■ Input for this task
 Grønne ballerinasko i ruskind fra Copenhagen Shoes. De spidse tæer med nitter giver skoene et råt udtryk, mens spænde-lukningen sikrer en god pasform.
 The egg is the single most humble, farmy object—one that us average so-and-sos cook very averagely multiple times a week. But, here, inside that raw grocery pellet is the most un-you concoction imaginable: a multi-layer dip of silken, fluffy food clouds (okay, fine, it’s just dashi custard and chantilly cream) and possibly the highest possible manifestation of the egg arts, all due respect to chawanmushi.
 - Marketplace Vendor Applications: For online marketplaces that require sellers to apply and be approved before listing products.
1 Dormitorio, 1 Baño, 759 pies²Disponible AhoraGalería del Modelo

...

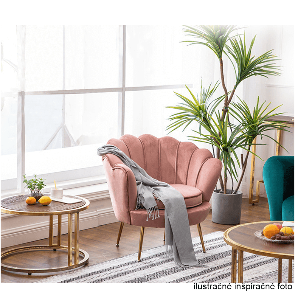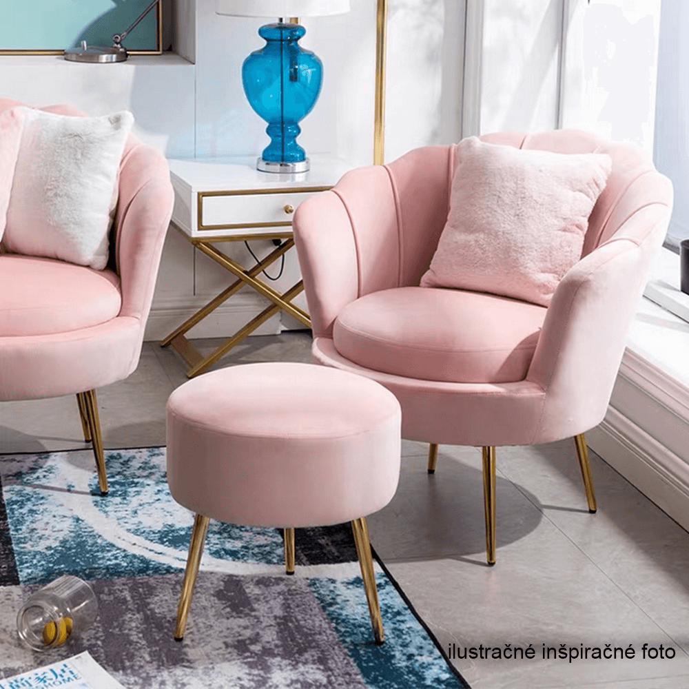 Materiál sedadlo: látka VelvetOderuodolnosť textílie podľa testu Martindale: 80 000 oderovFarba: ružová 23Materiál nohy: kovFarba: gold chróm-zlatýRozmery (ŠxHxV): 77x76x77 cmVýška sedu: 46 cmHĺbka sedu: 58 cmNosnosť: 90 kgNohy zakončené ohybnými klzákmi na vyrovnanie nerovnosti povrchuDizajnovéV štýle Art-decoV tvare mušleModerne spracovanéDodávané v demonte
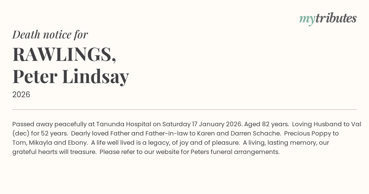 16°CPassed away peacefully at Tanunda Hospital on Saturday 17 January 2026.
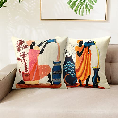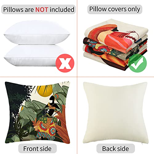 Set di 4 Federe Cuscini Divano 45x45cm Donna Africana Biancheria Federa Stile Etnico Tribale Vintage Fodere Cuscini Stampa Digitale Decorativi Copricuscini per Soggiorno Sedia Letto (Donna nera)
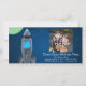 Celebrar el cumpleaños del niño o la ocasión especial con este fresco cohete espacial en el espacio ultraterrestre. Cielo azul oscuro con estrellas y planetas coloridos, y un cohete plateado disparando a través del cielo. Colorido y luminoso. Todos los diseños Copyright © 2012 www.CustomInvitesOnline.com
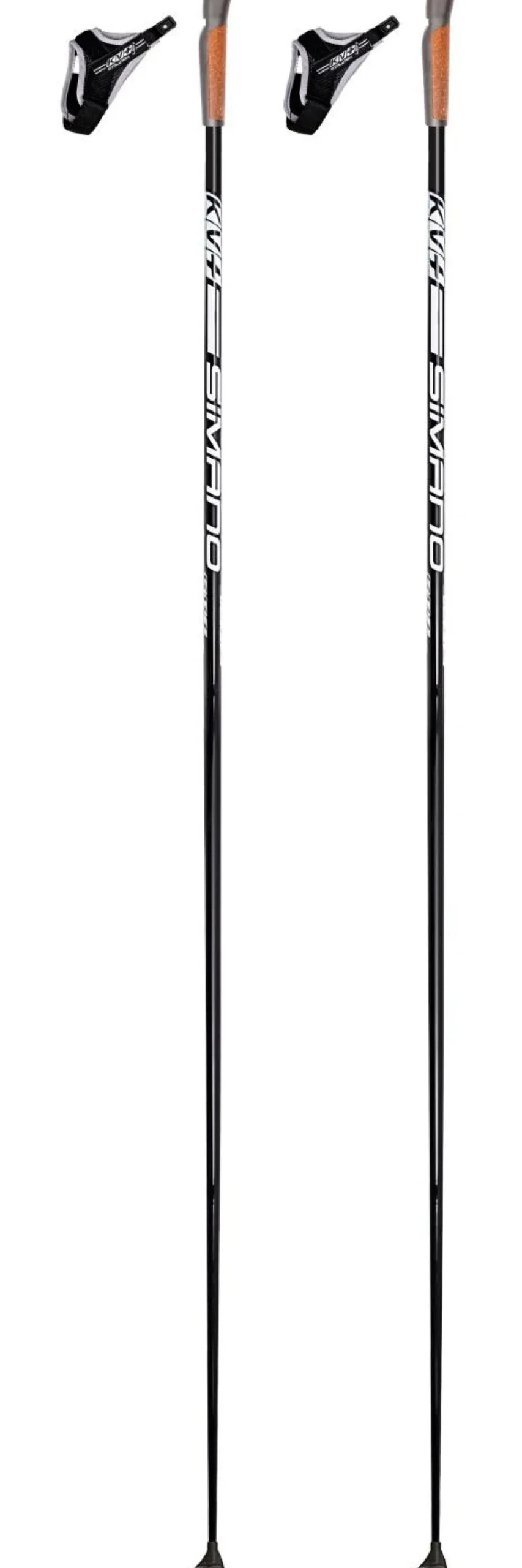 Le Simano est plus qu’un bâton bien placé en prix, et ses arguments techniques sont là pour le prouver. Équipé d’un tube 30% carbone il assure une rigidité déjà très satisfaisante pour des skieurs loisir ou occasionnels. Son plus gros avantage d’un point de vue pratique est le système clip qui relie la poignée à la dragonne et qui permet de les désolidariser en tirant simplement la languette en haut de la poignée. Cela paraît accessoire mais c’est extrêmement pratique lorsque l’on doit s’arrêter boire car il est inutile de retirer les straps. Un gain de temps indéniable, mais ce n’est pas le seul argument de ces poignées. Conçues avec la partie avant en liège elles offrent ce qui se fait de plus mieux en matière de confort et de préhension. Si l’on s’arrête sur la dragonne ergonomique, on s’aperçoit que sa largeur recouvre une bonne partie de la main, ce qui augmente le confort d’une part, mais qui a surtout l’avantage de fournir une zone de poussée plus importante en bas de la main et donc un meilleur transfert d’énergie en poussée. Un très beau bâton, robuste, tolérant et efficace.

==

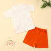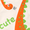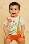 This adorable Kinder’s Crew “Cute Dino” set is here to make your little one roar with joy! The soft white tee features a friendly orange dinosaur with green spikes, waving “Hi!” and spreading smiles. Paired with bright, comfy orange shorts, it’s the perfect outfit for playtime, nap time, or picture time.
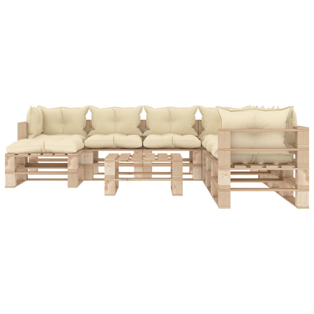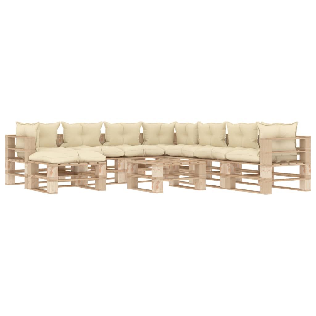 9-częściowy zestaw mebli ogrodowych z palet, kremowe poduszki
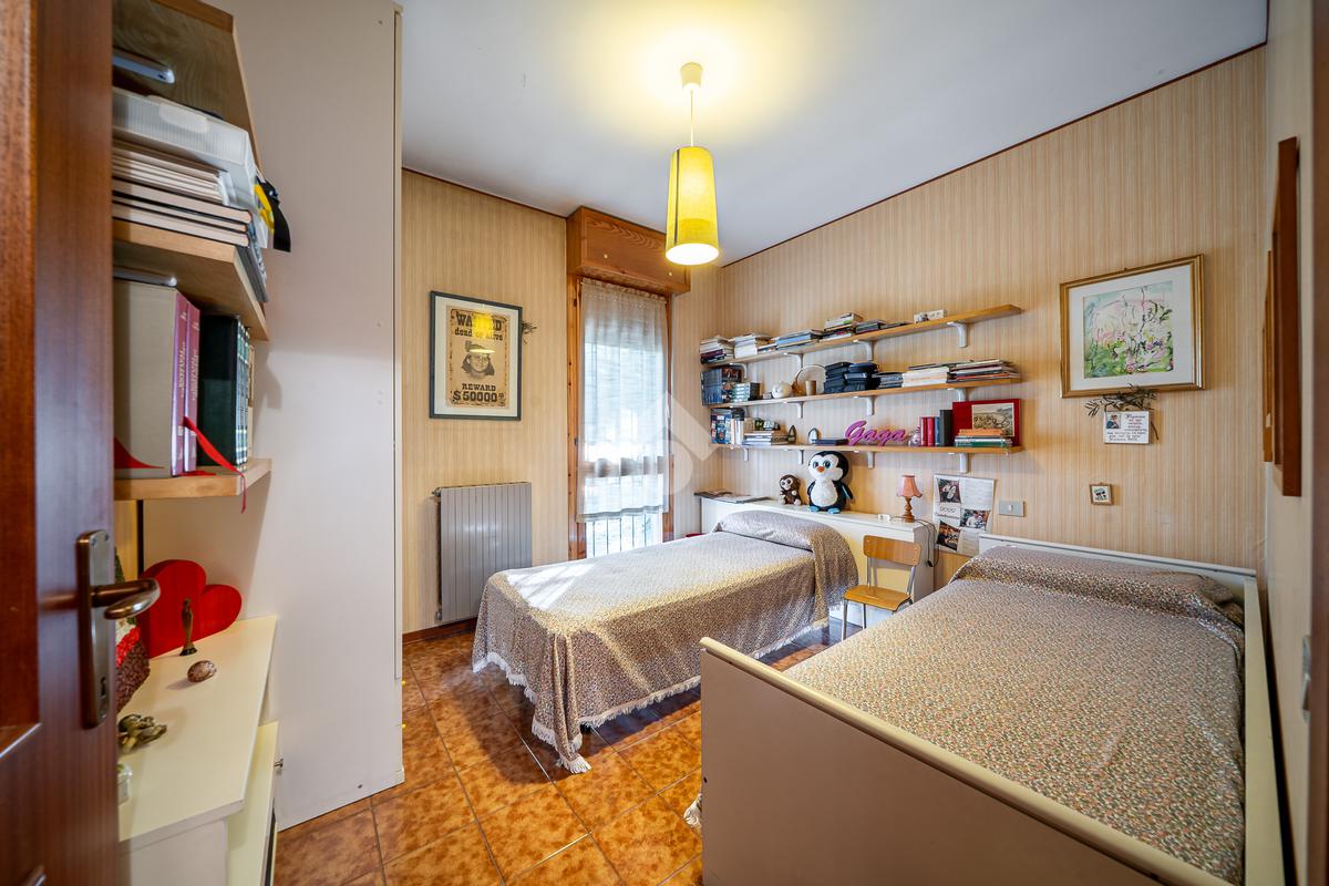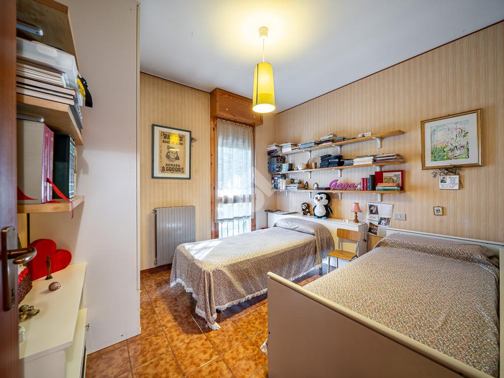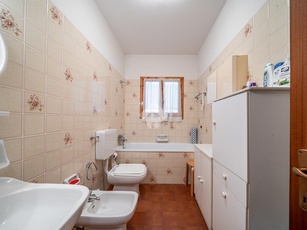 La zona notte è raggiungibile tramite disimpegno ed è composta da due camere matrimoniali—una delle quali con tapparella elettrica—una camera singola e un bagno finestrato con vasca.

■ Action item
Take only the lines above from the one that has "16°CPassed away peacefully" through the one that has "Set di 4 Federe" and reproduce them exactly, omitting any pictures.

■ The answer
 16°CPassed away peacefully at Tanunda Hospital on Saturday 17 January 2026.
 Set di 4 Federe Cuscini Divano 45x45cm Donna Africana Biancheria Federa Stile Etnico Tribale Vintage Fodere Cuscini Stampa Digitale Decorativi Copricuscini per Soggiorno Sedia Letto (Donna nera)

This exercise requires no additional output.